🤖 AI Summary
Existing generative pretraining algorithms are constrained by two dominant paradigms—autoregressive (discrete) and diffusion-based (continuous)—which struggle to jointly achieve strong multimodal modeling capability and efficient inference, leading to scalability bottlenecks. To address this, we propose a novel “inference-first” paradigm, prioritizing scalability in sequence length and refinement steps. We introduce Inductive Moment Matching (IMM) into generative pretraining for the first time, enabling a single-stage, inherently stable, and multi-step-sampling-free generation algorithm. Our method unifies IMM theory, improved diffusion mechanisms, and inference-time temporal modeling within an end-to-end, multimodal data-driven training framework.

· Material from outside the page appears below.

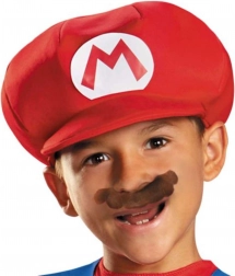 - Teljes szett: piros-kék overál sárga gombokkal, sapka, bajusz
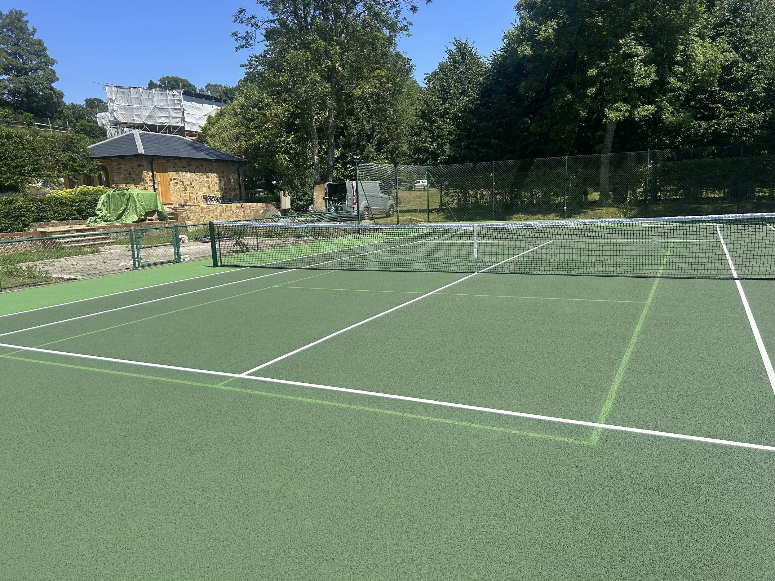 We are regularly applying Pickleball line markings onto tennis courts. Often the line paint colour is to complement the existing court colours so as not to stand out too much.

Experiments demonstrate that our approach achieves state-of-the-art sample quality comparable to advanced diffusion models, accelerates inference by over 10×, and significantly improves multimodal generation consistency and training stability.
📝 Abstract
Recent years have seen significant advancements in foundation models through generative pre-training, yet algorithmic innovation in this space has largely stagnated around autoregressive models for discrete signals and diffusion models for continuous signals. This stagnation creates a bottleneck that prevents us from fully unlocking the potential of rich multi-modal data, which in turn limits the progress on multimodal intelligence. We argue that an inference-first perspective, which prioritizes scaling efficiency during inference time across sequence length and refinement steps, can inspire novel generative pre-training algorithms. Using Inductive Moment Matching (IMM) as a concrete example, we demonstrate how addressing limitations in diffusion models' inference process through targeted modifications yields a stable, single-stage algorithm that achieves superior sample quality with over an order of magnitude greater inference efficiency.